Alanya geçtiğimiz günlerde şiddetli yağışların getirdiği sorunlarla mücadele ediyor. Alanya halkı ve esnafı hala yaralarını sarma derdinde. Yağmurun şiddeti elbette önemliydi; ancak ortaya çıkan manzaraya sadece “aşırı yağış” diyerek Allah’ın rahmetini afet diyerek geçiştirmek yerel yönetimler için en kolay bahane.
Alanya sokaklarını dereye çeviren, araçları sürükleyen, esnafı ve vatandaşları milyonlarca lira zarara uğratarak mağdur eden bu tablo, sürekli dile getirilen ama bir türlü çözülemeyen altyapı sorununun açık bir göstergesi.

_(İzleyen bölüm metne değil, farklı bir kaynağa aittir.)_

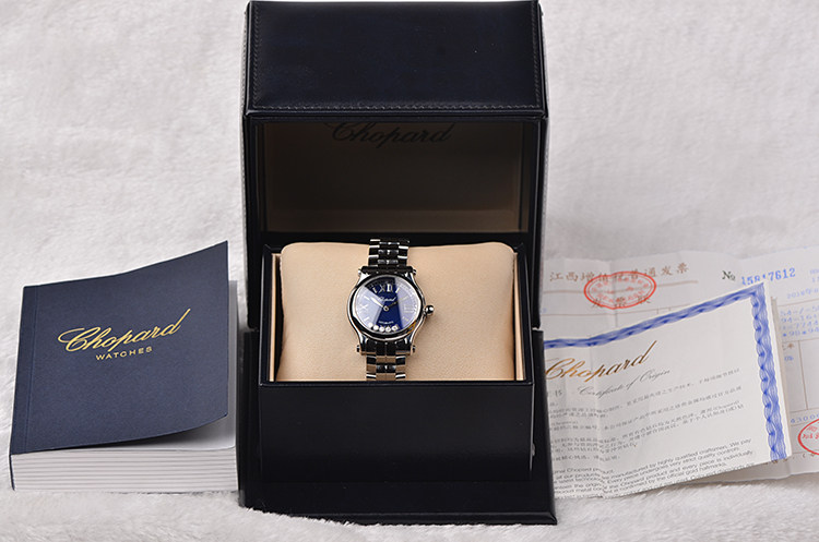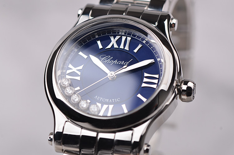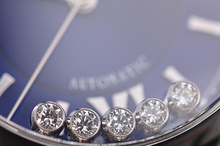 表盘:立体蓝色表盘,五颗活动钻,约0.14克拉
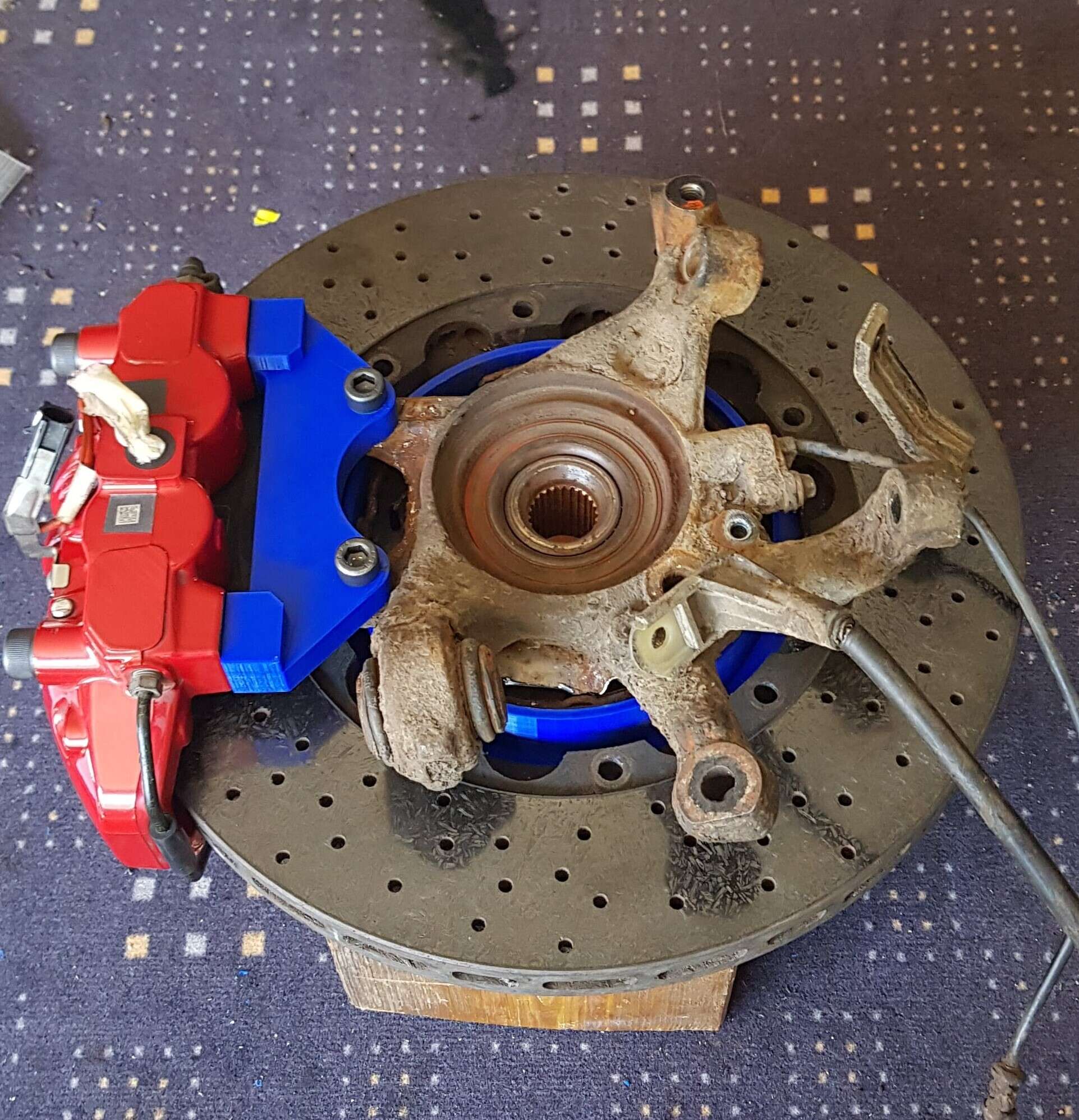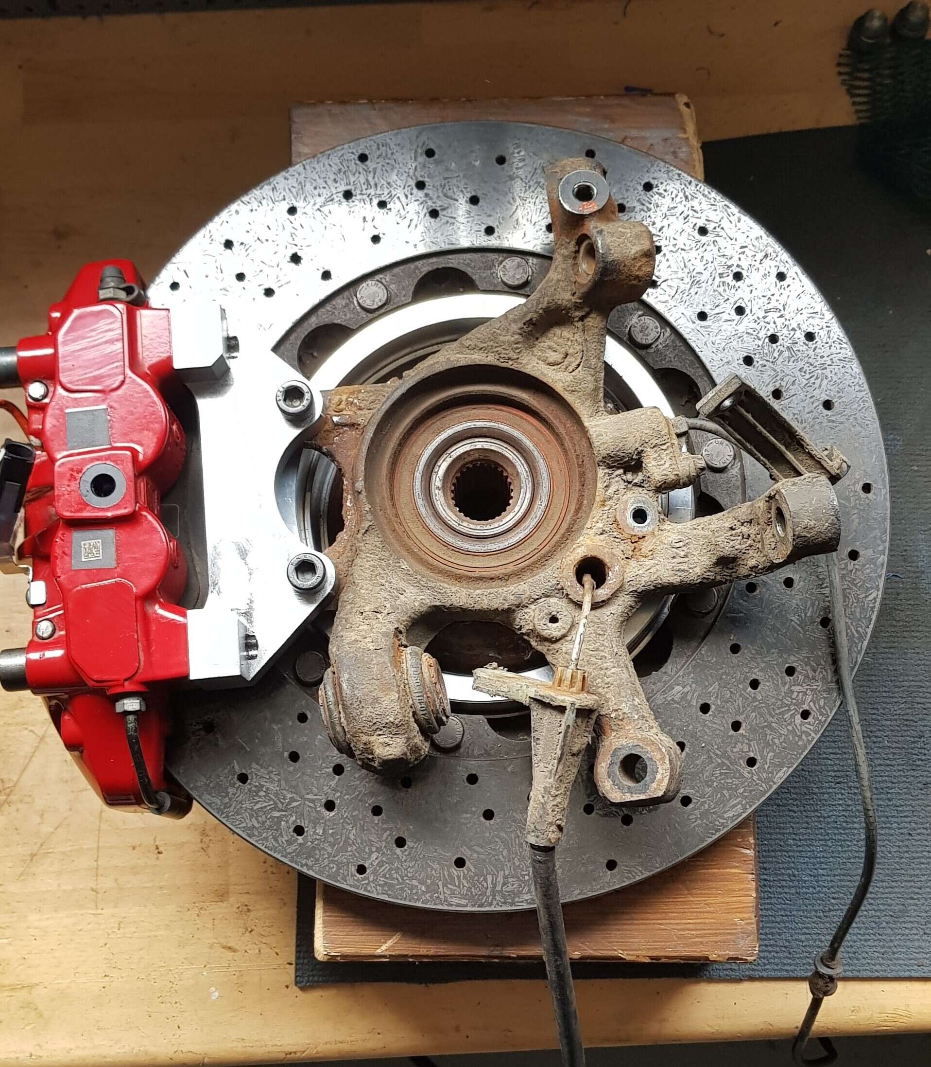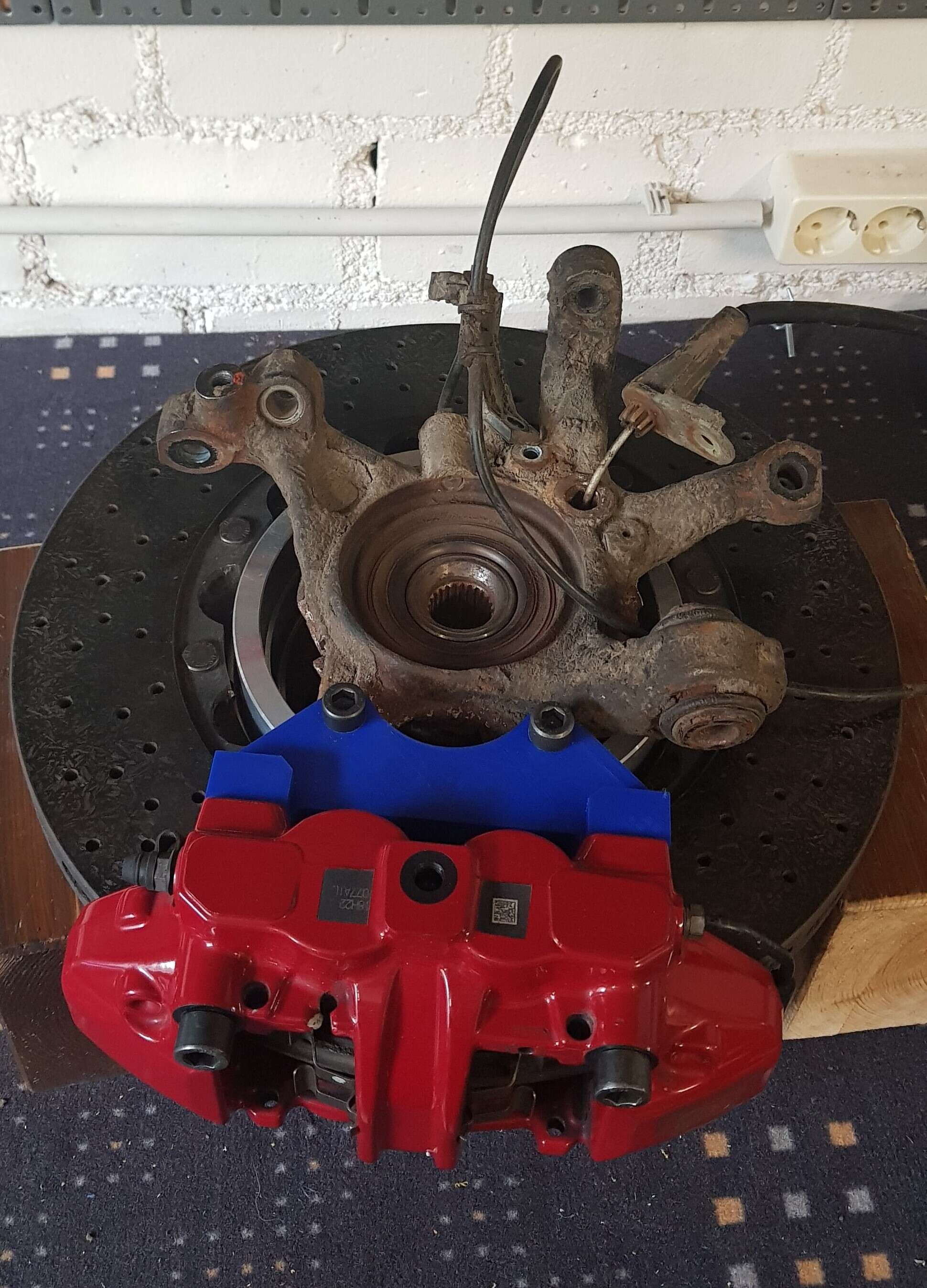 Die Bremssattel Tuning Adapter sind jetzt bei uns vom Oberflächenveredler angekommen und wir konnten alles probemontieren und Paul einen geilen Bremsenumbau für seine Vorder- und Hinterachse ausliefern.

Alanya’nın altyapı kapasitesi, bölgede artan nüfus ve yapılaşma nedeniyle yetersiz kaldığı bir gerçek. Vatandaşın ve esnafın dile getirdiği kadarıyla; yağmur suyu tahliye kanalları yetersiz, bazı bölgelerde bakım eksik, çoğu noktada ise mevcut hatlar tıkanmış durumda. Belediyenin bu tür afetlere karşı aldığı önlemlerin yetersiz olduğu gerçeği vatandaşın ve esnafın yaşadığı sorunlarla gün gibi ortada. Buna rağmen soruna kalıcı bir çözüm yerine geçici müdahalelerle günü kurtarma anlayışı sürdürülmeye çalışılıyor. Ta ki bir sonraki yağmurda şehir yeniden sular altında kalana kadar.
Her yağmur sonrası aynı görüntülerin yaşanması, sorunun doğada değil, hazırlıksızlık ve plansız altyapı çalışmalarında olduğunu kanıtlıyor. Kaldırımların yenilenmesi, peyzaj çalışmaları, estetik düzenlemeler Alanya için elbette önemli; fakat bir kent yönetiminin asıl önceliği, vatandaşın can ve mal güvenliğini sağlamak olmalı. Alanya’da bu önceliğin geri planda kaldığını son zamanlardaki yağışlarda yaşananlar açıkça gösteriyor.
Bir de Atatürk Bulvarı üzerindeki rögar çalışmalarının eksik ve plansız yapılması koca bir bulvarı göle çevirmiş durumunda.
Aşırı yağışlar sadece bulvarları ve caddeleri değil, kurumlarla vatandaş arasındaki güven yollarını da etkiler. Her şiddetli yağış, altyapıyı test ettiği kadar belediyelerin kriz yönetimini, iletişim reflekslerini ve halkla ilişkiler kapasitesini de ortaya çıkartır.
Belediyeler elbette her felaketin önüne geçemeyebilir; ancak etkilerini azaltmak, hazırlıklı olmak ve riskleri minimize etmek belediyelerin temel görevidir. Alanya’nın turizm kimliği, marka değeri ve ekonomik gücü, daha güçlü bir altyapı ve daha etkili bir kriz yönetimini fazlasıyla hak ediyor.
Alanya için artık mazeret değil, çözüm zamanı. Alanya halkı yağmur yağdığında panik değil, güven hissetmek istiyor. Alanya Belediyesi’nin aşırı yağışları bir “uyarı” olarak değil, bir “milat” olarak görmesi ve Alanya’ya yakışan altyapı yatırımlarını hayata geçirmesi bekleniyor.
Aşırı yağışlar doğaldır. Ülkemizin her bölgesinde zamanla yaşanabilir. Ancak belediyelerin afet karşısındaki tutumu, sadece bugünü değil, gelecekteki yerel yönetim anlayışını da şekillendirir. Güçlü belediyecilik, yalnızca asfalt ve betonla değil; güven, iletişim ve dayanışmayla halk karşısında var olur.
Sel anında ve sonrasında süreç; önleme, müdahale ve iyileştirme olarak üç temel aşamada ele alınılırsa Alanya halkı her alanda kendini güvende hissedecektir.
Unutulmamalıdır ki afetler sonrası geriye kalan çamurlu sokaklar değil; halkın hafızasıdır.